It's also important to figure out how copyright is claimed. Right now there are lots of @wikimedia.org copyright claims, other generic ones ("Wikimedia Foundation", "Wikimedia and contributors", etc) and claims by non-WMF volunteers. I don't remember signing a CLA but that would be interesting to simplify copyright assignment, although that would be a major undertaking and the having a license would be more urgent.

Dzahn raised the priority of this task from Low to Medium.May 6 2019, 6:17 PM

The Wikimedia Engineering Architecture Principles now became an official policy. [1]

One part of it is "software we write MUST be published under a free license" which i guess raises the priority for this ticket. Changing from Low to Normal at least.

[1] https://lists.wikimedia.org/pipermail/wikitech-l/2019-May/092049.html

I hereby license all my existing contributions to the operations/puppet under the Apache 2.0 license

I hereby license all my existing contributions to the operations/puppet under the Apache 2.0 license.


Maybe we can get the patch from 2015 merged some day. The various comments on it are still valid I guess.

https://gerrit.wikimedia.org/r/c/operations/puppet/+/183862

Retroactively finding all contributors to the repository at once is a task which will be humongous and full of obstacles (think of contributions by volunteers who left etc.). And realistically too huge to make it enough of a priority to happen.

I think instead we should choose a more pragmatic way: Let's approach this from a per module level and indicate the license within the source files using SPDX headers. (https://en.wikipedia.org/wiki/Software_Package_Data_Exchange)
So once it has been clarified that

  • Apache 2.0 is out preferred license
  • All contributions by Wikimedia staff (let's say as indicated by commits using a wikimedia.org address) can be relicensed at large

Then on a per module basis we can inspect git logs /git blame (careful with renames/refactors) to find all non-staff contributors and ask for their approval. If that's the case we add the SPDX header to the respective file, e.g.
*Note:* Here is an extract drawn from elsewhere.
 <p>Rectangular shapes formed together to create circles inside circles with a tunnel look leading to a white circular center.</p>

# SPDX-License-Identifier: Apache-2.0

And this can trickle into the repo over time, no need for a central flag day. There might be a few random modules which have unreachable authors (and which might be removed in a future cleanup or Puppet purge anyway), but at least they are properly separated and we provided clarity for the classes that have been vetted.
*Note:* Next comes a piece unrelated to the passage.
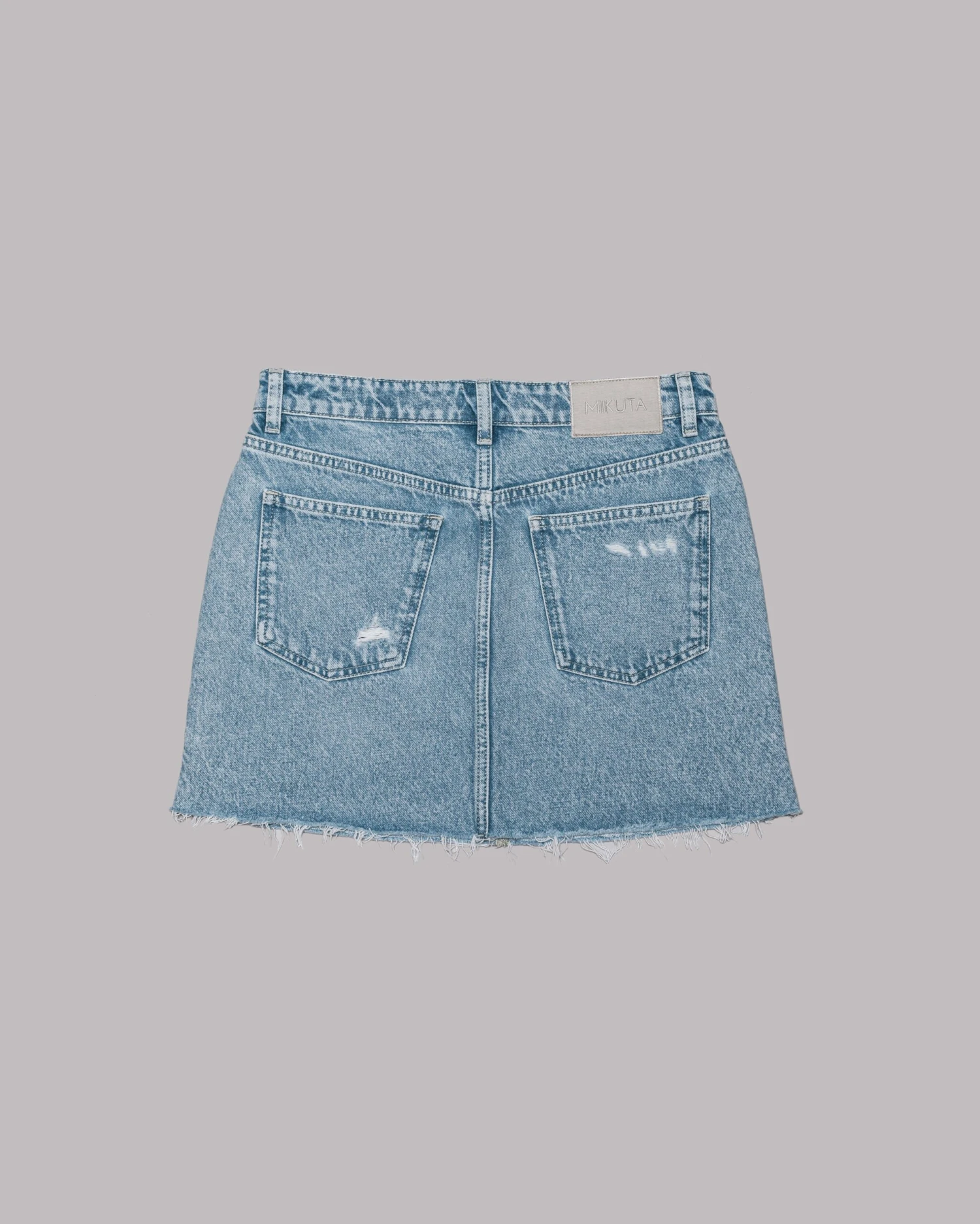 Blue vintage look denim skirt with raw hem, ripped details and small slits on the sides. Has two pockets in the front and two in the back.

Yes. With this time period, there might be even volunteers who have passed away. This is going to be next to impossible.

I'm happy with starting on module by module and see what we can do about the complicated ones.

Change 768114 had a related patch set uploaded (by Jbond; author: jbond):

[operations/puppet@production] utils: create blame-stats script

https://gerrit.wikimedia.org/r/768114

See https://gerrit.wikimedia.org/r/768114 i have hacked together a quick script that uses https://github.com/mergestat/mergestat to get stats who continued code still in use by using e.g. parsing git blame. Its a bit slow but it dose have the capability to filter out wikimedia.org contributors and can work on a module by module level. Let me know what you think and feel free to directly hack on my Cr if you are intrested.

Output looks like

$ utils/blame_stats.py  -e 'wikimedia.org' acme_chief
krenair@gmail.com:
--------------------
9062d8b7ba51589412f0a98d842f3e583db102ce:
        modules/acme_chief/files/designate-sync.py: 1-11,25-49,56-61,63-77
        modules/acme_chief/files/designate-tidyup.py: 1-11,24
ad1937532215cf8363bba74531404fffa7ab7eab:
        modules/acme_chief/files/designate-sync.py: 12-24,50-55,62
        modules/acme_chief/files/designate-tidyup.py: 12-23,25-40
071bde8c969bf4c5e8d37e135464d03e105bc4f1:
        modules/acme_chief/manifests/server.pp: 262
legoktm@member.fsf.org:
--------------------
f4e8ed232d6b902049fb770989f1a10852489d13:
        modules/acme_chief/manifests/cert.pp: 1

I hereby license all my existing contributions to the operations/puppet under the Apache 2.0 license.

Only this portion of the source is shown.